For example, the permit runner doubtless knows that each bedroom needs a smoke detector and is quite capable of showing them on your drawings. But you might care where the smoke detector goes on your brand new ceiling. It might bother you to have that particular pimple located randomly relative to the air diffuser, the light with its plaster medallion and all the ceiling moldings.
My advice is to tackle it yourself. No question, much as I love our city for its richness, its history, its diversity, its density, getting a building permit is an experience not to be undertaken lightly. Getting a building permit is without a doubt the most challenging endurance exercise of any of the city functions we deal with and, notwithstanding all the P.R. about the newly-re-organized-for-efficiency-Department of Consumer and Regulatory Affairs, the same people are at the desks … we haven’t seen a difference yet, especially with a permit we have that is now in the eighth month of processing.
People who go incandescent with rage about the Department of Motor Vehicles should try to get a building permit to experience bureaucratic torment as fine art. I have long described the process to clients as a total crapshoot.
However, I still recommend tackling it yourself if you are a calm sort or can get your hands on some Valium.
After being unable to resist bad-mouthing the Department of Consumer and Regulatory Affairs and the permitting process, shooting fish in a barrel, there I go again, here are some specific recommendations:
• Filling out the paperwork. Go to dcra.dc.gov and click on “permits.” Read everything on the page and download the applicable permit application forms — probably for “building” unless you’re attempting to get a permit for a boiler, lead abatement, raze or other activity requiring a permit.
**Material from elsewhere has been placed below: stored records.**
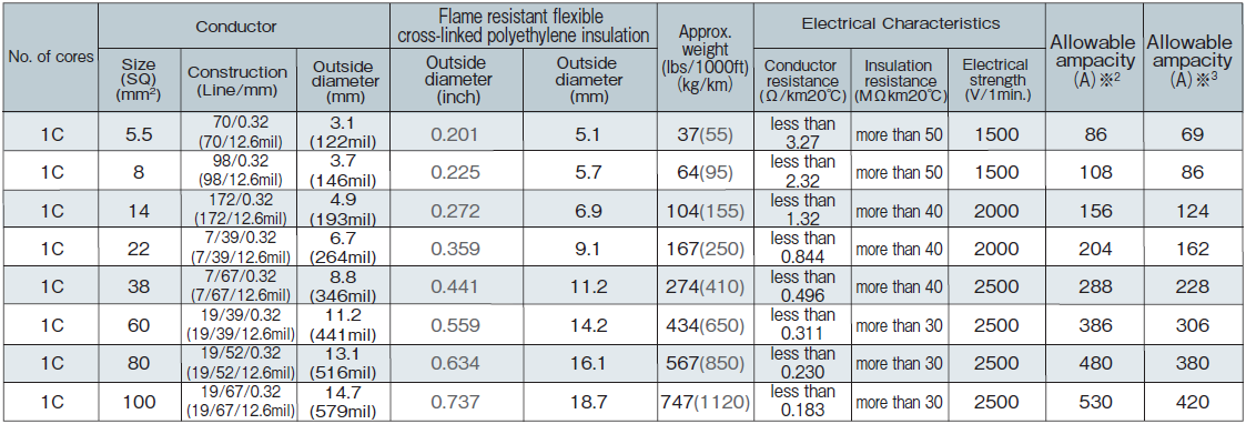 ※² Allowable current for inside equipment use.(Permissible conductor temperature is 125℃.)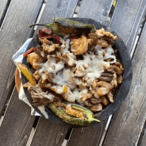Grilled chicken, steak, shrimp, chorizo, sauteed onions, tricolor peppers, and a fried jalapeno. Topped with ranchero sauce and melted cheese. Served with rice, beans & tortillas. (Serves two)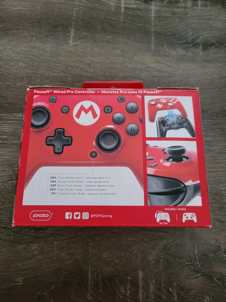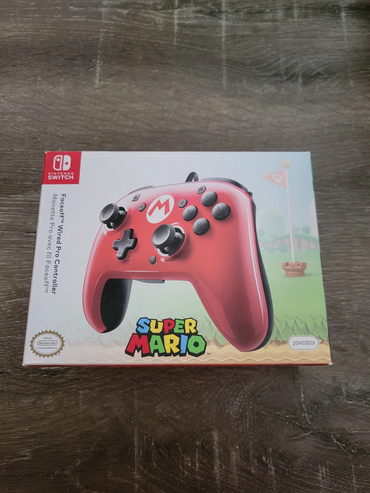 Selling a PDP Faceoff Wired Pro Controller featuring a Super Mario design. It's compatible with the Nintendo Switch. The controller is in great condition and comes with its original box. Perfect for any Super Mario fan!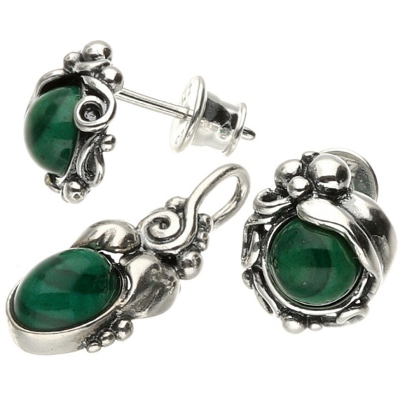 Przepiękny i wyjątkowy komplet, wykonany z oksydowanego srebra próby 925, wysadzany malachitem.
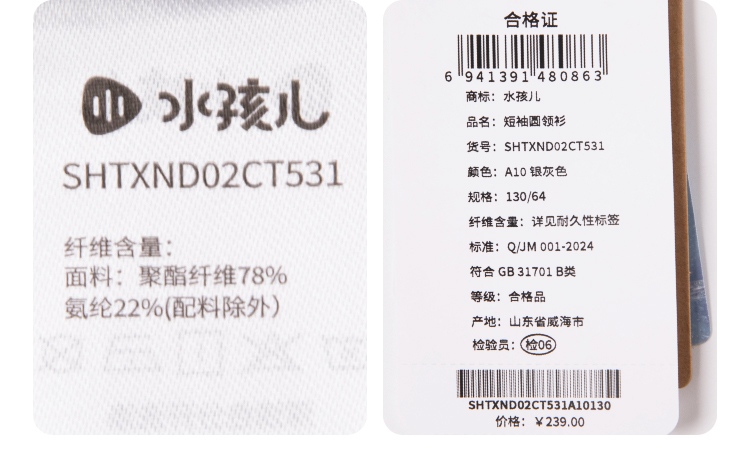 水孩儿童装夏季女童短袖男童圆领衫防晒凉感舒适时尚休闲透气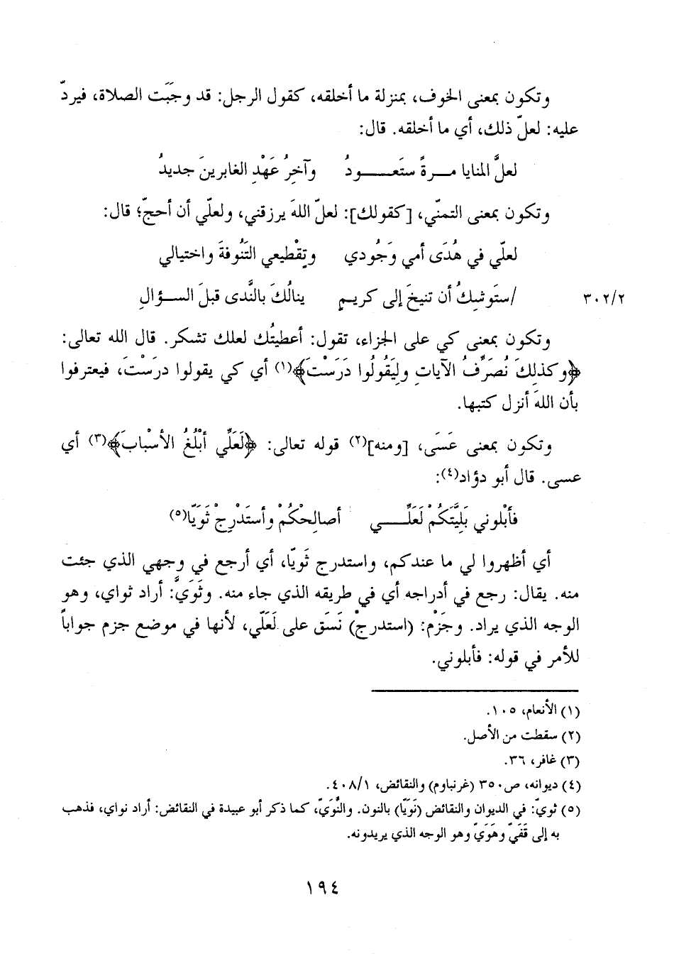 وتكون بمعنى عسى، [ومنه] قوله تعالى: {لَعَلِّي أَبْلُغُ الأَسْبَابَ} أي عسى. قال أبو دؤاد:

Fill out the application honestly. Lying on the form is a bad idea. Fees are assessed by building volume, so lying about the cost of construction won’t do you any good. Secure the plat — a drawing, without building, of your house lot, available from the Office of the Surveyor, which takes $50 and about five working days — for your property if you are changing the footprint
Draw your house and any changes and make sure to get the requisite number of copies of all the documents. Don’t forget to gird your loins or spare tire or anything else you feel able to gird and head to 941 North Capitol St., NE, by bicycle or Metro, please. You may want to take provisions.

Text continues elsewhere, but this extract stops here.